Step 2: trace and cut out your letters onto your chosen fabric and add to the panel

To make my letters, I typed them in 60 point font into a Word doc and then printed them out, and used these to trace the shapes through onto my navy fabric.  The most important thing to remember here is to print them in reverse or mirror image, as you’ll be flipping them over eventually onto the fabric panel.

Once you’ve drawn your letters on, iron your fabric bonding sheet to the reverse of the fabric, following manufacturers instructions.  Once it has cooled, cut out your letters carefully.  If you want to be very snazzy, you can do the whole process again and add a border as I did here with the turquoise, but it will look great with a single colour.  Carefully position your letters on the fabric panel, and iron into place.  You could centre them on the towel or do what I’ve done here and align them to the right hand side.  Longer names will look great across the width of the towel; shorter ones tend to look good when aligned to one or other margin.
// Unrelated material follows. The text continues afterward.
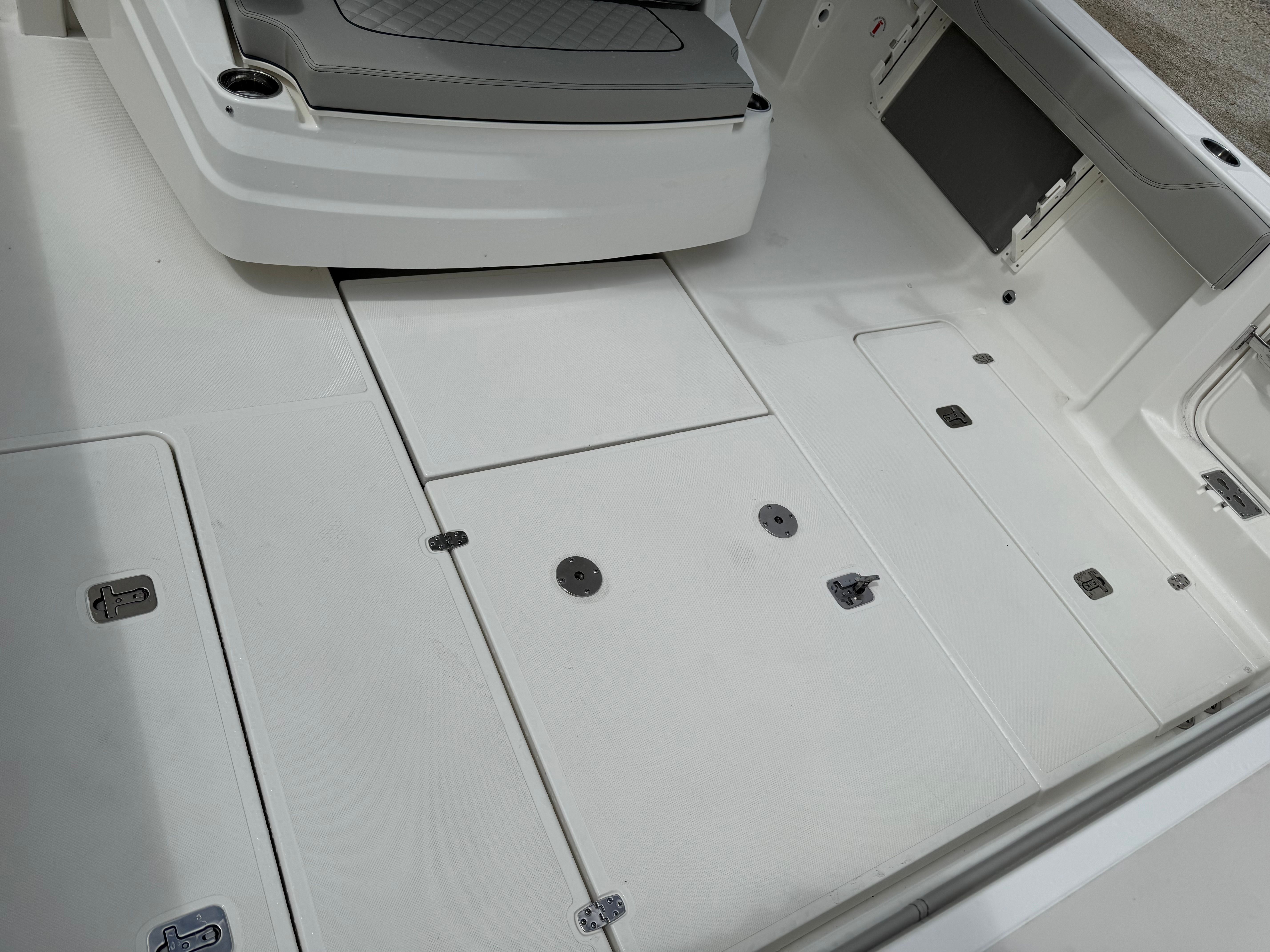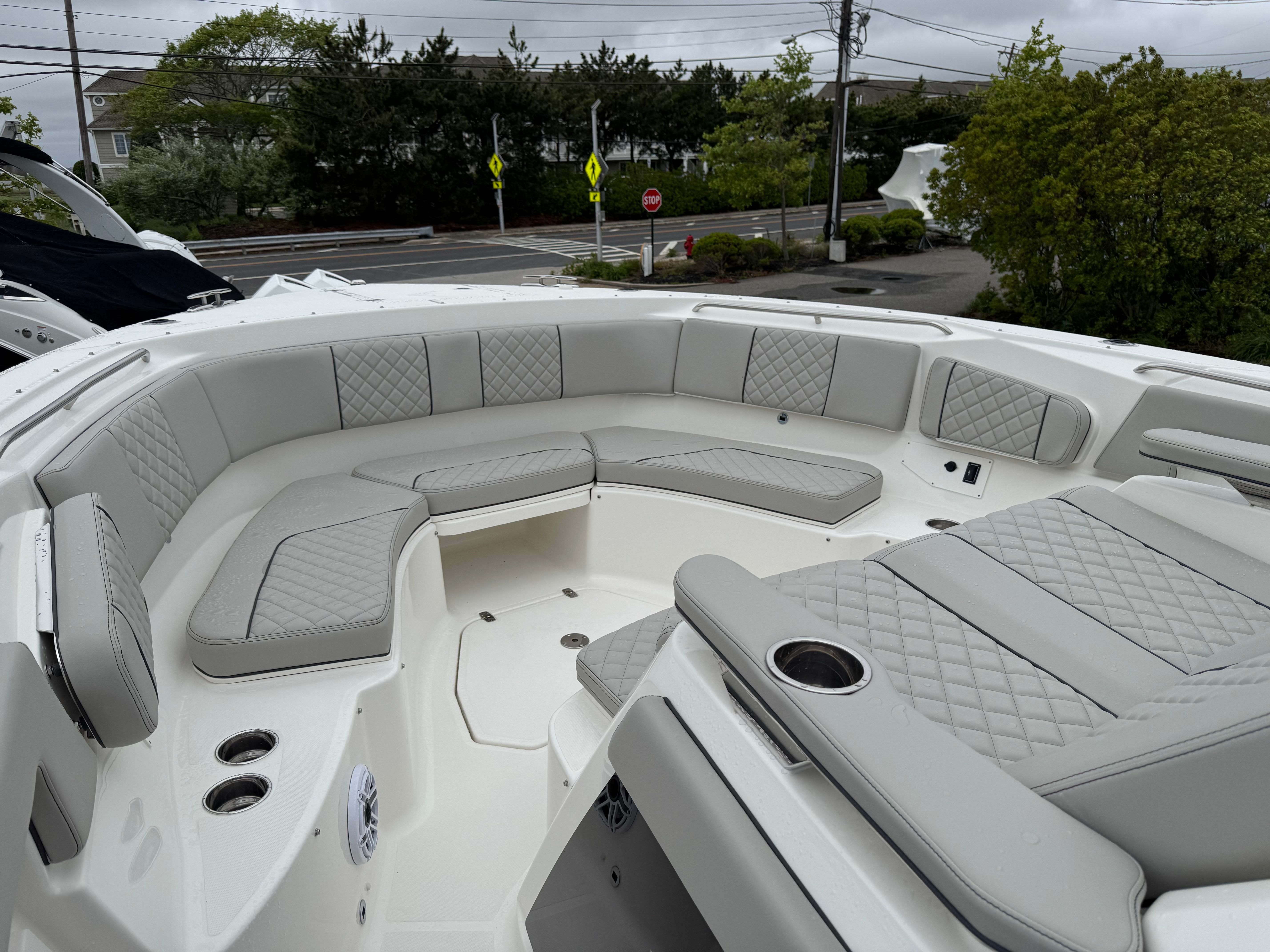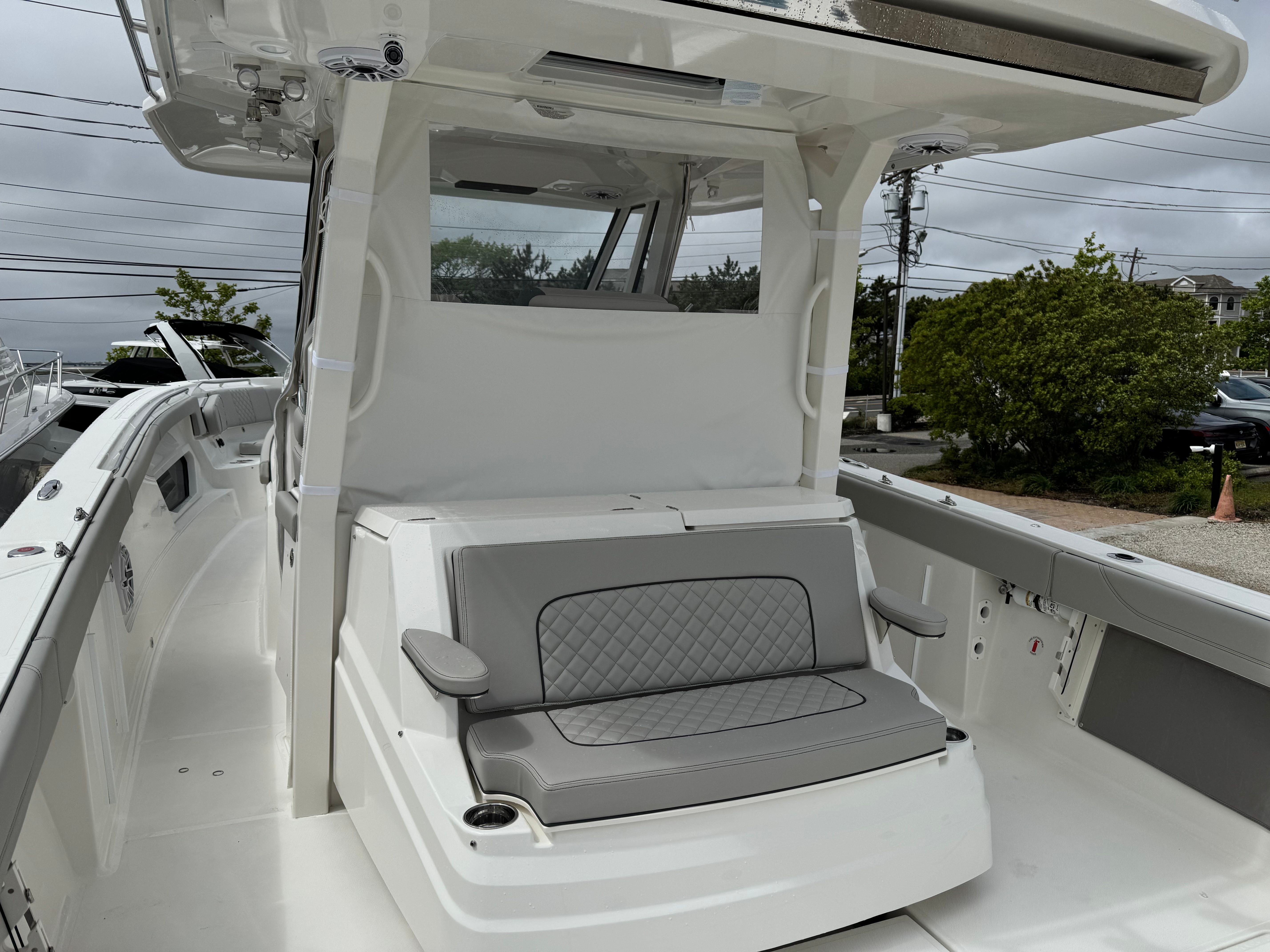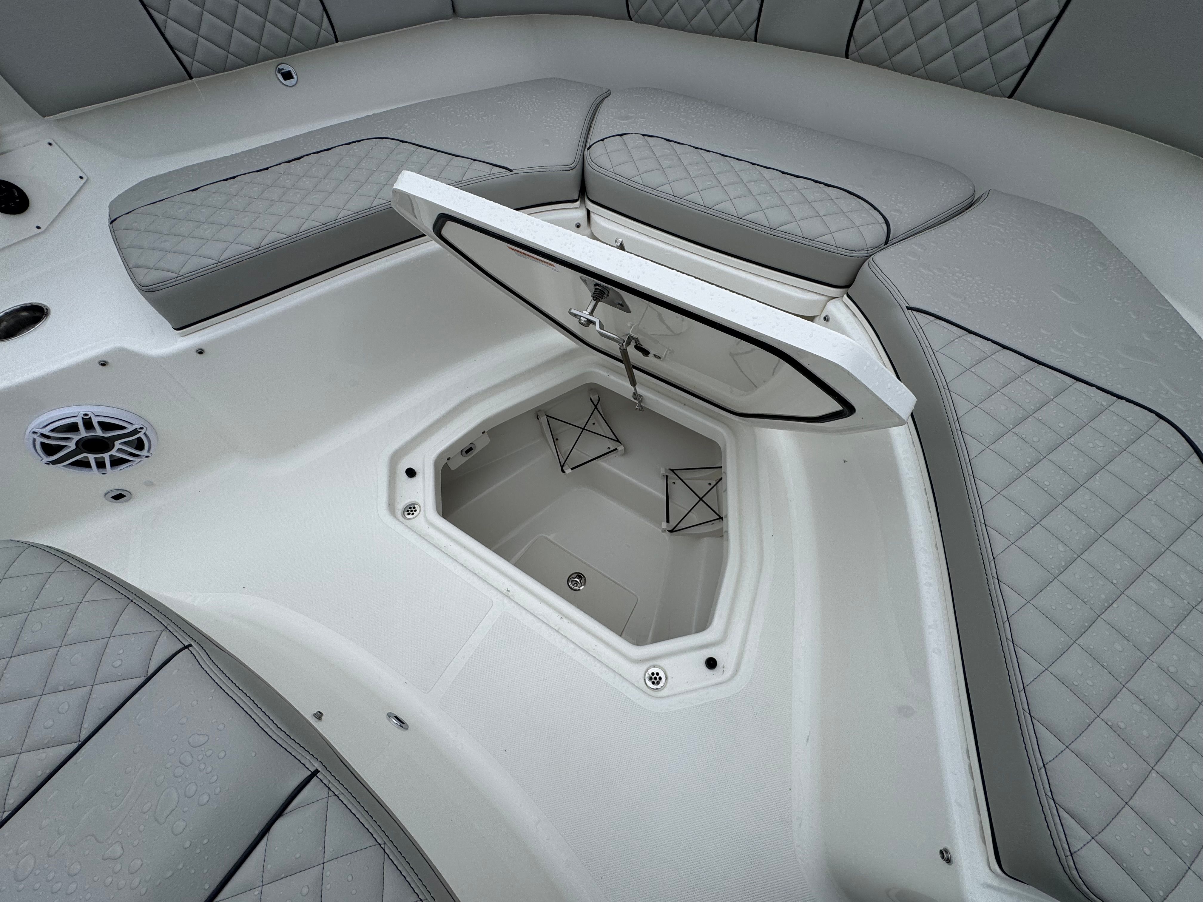 Practicality is at the heart of the Pursuit S 378’s design. The triple engine configuration not only delivers impressive speed but also provides redundancy for added safety and reliability. The advanced navigation and camera systems make docking and tight maneuvers straightforward, even for less experienced boaters. The underwater LED lights and spotlight enhance visibility during nighttime operations, while the weather receiver keeps you informed and prepared for any changes.Storage solutions are thoughtfully integrated throughout the boat, making it easy to stow gear, tackle, and personal items. The efficient layout ensures that everything you need is within reach, so you can focus on enjoying your time on the water. The Pursuit S 378 is also designed with fuel efficiency in mind, allowing you to cover more distance without frequent stops, making it ideal for extended trips or spontaneous getaways.

If you’re using piping, pin and stitch it into place now (I shortened the panel at this stage, as you can see from the top border);

Step 3: (Optional) top stitch over your letters to give them greater durability

This is the fiddliest part of the whole project, but worth it if your towels are going to get heavy wear and laundering.  Carefully topstitch around your letters to secure them in place; I used a herringbone stitch and went veerrrrrrrrry slowly.

Finally, press the seam-borders of your panel under and then top-stitch into place along the front of the towel!

Maker’s note: I’m conscious this, like so many of my projects, was a midnight crafting exercise so the work-in-progress pictures here are limited.  If you want to have a go and have more questions about the different steps and techniques do either ask me in comments or drop me a note – I’m always happy to help!

Have a wonderful week, wherever you are and whatever you’re doing.